For Nordic health systems, the study raises a practical question: whether medicines originally developed for metabolic disease could become part of future addiction treatment. That would be especially relevant for patients whose alcohol dependence is combined with obesity, liver risk, diabetes risk or other weight-related conditions.

But it also raises policy questions. GLP-1 drugs such as Wegovy are expensive and already subject to debates over access, reimbursement and supply. If future trials confirm an effect on alcohol dependence, governments and health authorities would need to decide who should receive treatment, under what criteria and as part of which care pathway.

Larger trials are needed before clinical use

For now, the Danish results should be read as a strong early signal rather than a change in medical practice. Before Wegovy or other semaglutide-based medicines can be approved for alcohol dependence treatment, researchers need larger phase 3 trials with more participants, more diverse patient groups and longer follow-up.

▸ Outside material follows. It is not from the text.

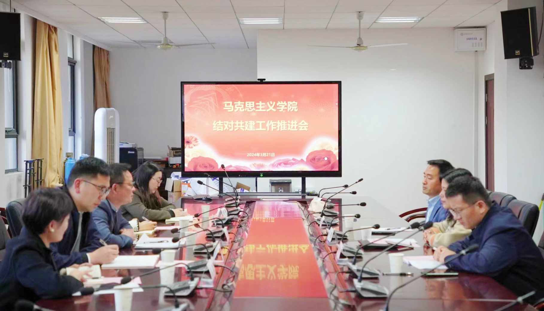 为深入贯彻落实习近平总书记在学校思想政治理论课教师座谈会上的重要讲话精神,根据江苏省教育厅关于开展高校马克思主义学院结对共建、发挥“领航·扬帆”计划培养人选示范作用、推动高校名师工作室结对思政课教研室的工作要求,3月21日下午,南京航空航天大学马克思主义学院与成人抖音 思政教研部、南京铁道职业技术学院马克思主义学院组织了结对共建推进会。

Mette Kruse Klausen described the findings as an encouraging step, while stressing that the path to a new treatment remains long. “There is still a long way to go, but this is a very good step on the way,” she said.

The study’s importance lies in that balance. It suggests that semaglutide may reduce some of the most harmful patterns of alcohol use, but it also confirms that addiction treatment cannot be reduced to a single drug. For Denmark and the wider Nordic region, the next question is whether this early clinical signal can become a safe, accessible and evidence-based treatment option.